The contact member fixing portion 32b of the holding member 32 is provided so as to face the attached portion 31c of the separation plate 31 in the Z direction. Here, the contact member fixing portion 32b is provided on the + Z direction side of the attached portion 31c. The contact member fixing portion 32b has a female screw 32k extending in the Z direction.

  The attached portion 31c has a through hole 31n penetrating in the Z direction at a position corresponding to the female screw 32k (see FIG. 9). The through hole 31n is provided between the two engagement holes 31k and 31l. The engagement holes 31k and 31l and the through hole 31n are arranged linearly in the X direction.

  The contact member 33 has a through hole 33h penetrating in the Z direction at a position corresponding to the female screw 32k. The through hole 33h is provided between the two engaging protrusions 33c and 33d, and the engaging protrusions 33c and 33d and the through hole 33h are arranged linearly in the X direction.

  The male screw 42 is screwed into the female screw 32k of the holding member 32 through the through hole 33h of the contact member 33 and the through hole 31n of the attached portion 31c. Thereby, the contact member 33 is fixed to the holding member 32.

  Note that the positioning structure and the fixing structure of the contact member 34 are the same as described above, and a description thereof will be omitted.

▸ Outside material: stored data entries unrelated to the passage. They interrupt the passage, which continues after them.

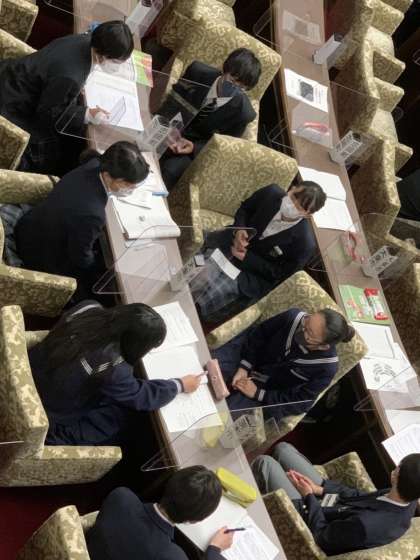 すごいですね。府の本会議場で大阪府生徒会さみっが行われました。今年は北条中学校が行く番でした。とても貴重な体験ができました。引率の先生に聞くと、本校の生徒たちは積極的に話し合いに参加していましたとのことです。素晴らしい。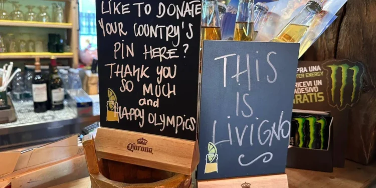 O que chama a atenção neste ciclo é como a economia dos pins se estende para além dos espaços oficiais. Em Valtellina, bares e restaurantes adaptaram o costume local de deixar dinheiro para gorjetas: substituíram os cofrinhos por recipientes que pedem objetivamente — “deixem aqui as pins do vosso país”. A solicitação, formal e prática, converte o hábito em ferramenta de coleção e circulação cultural. É uma pequena economia paralela, com regras tácitas, que redesenha o contato entre visitante e comunidade.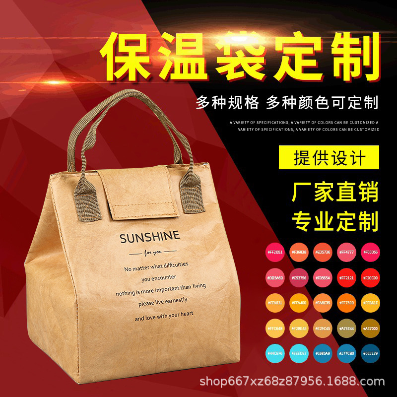 Dupont Paper Insulated Bag Custom Kraft Paper Bag Japanese-Style Bento Lunch Box for Office Workers Portable Insulated Bag with Logo Printing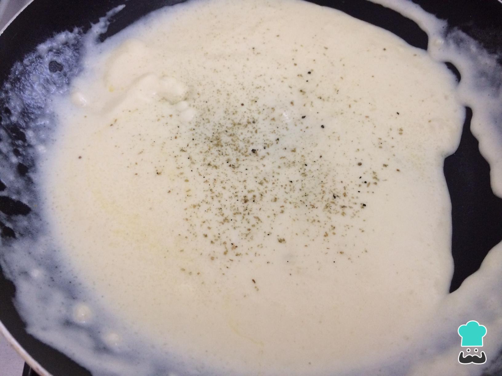 Agrega también la leche poco a poco y continúa con la cocción a fuego bajo, revolviendo constantemente hasta obtener una salsa suave y homogénea. En este punto, salpimienta al gusto.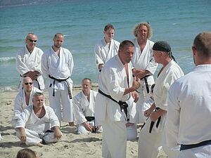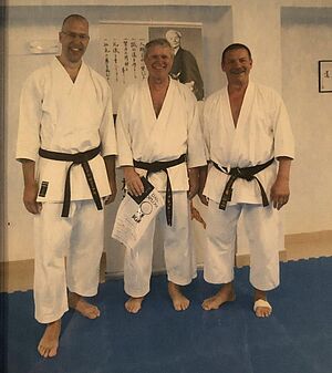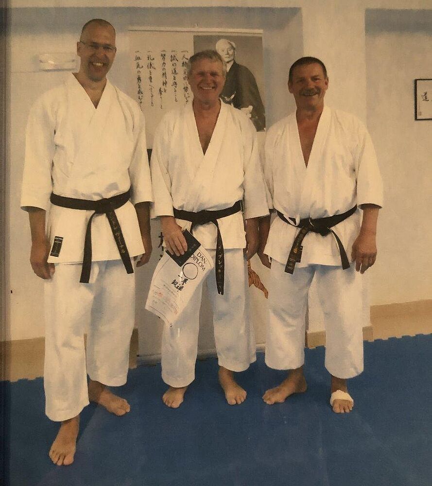 Bild: von links Prüfer Andre Wehnert, Wolfgang Brzezicki Prüfung auf Mallorca 06.05.2016 zum 5. Dan und Prüfer Lothar Ratschke.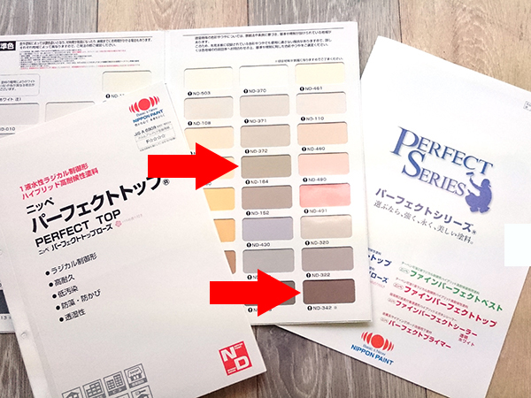 ご相談のうえ、4種類の塗り板(外壁のパターンに似せた、A4程度の大きさの色見本)を取り寄せ、実際の外壁で検討いたしました。

(Configuration of guide roller)
12A and 12B are a side view and a sectional view of the guide roller 37, respectively. Hereinafter, the configuration of the guide roller 37 will be described with reference to FIGS.

  The guide roller 37 has a shaft 37a that is rotatably provided and extends in the width direction. If the shaft 37a is bent, the desired effect of the guide roller 37 may not be sufficiently obtained. Therefore, the shaft 37a desirably has high rigidity, and is preferably made of metal. Here, the shaft 37a is made of free-cutting steel (SUM24L) having a diameter of 4 mm.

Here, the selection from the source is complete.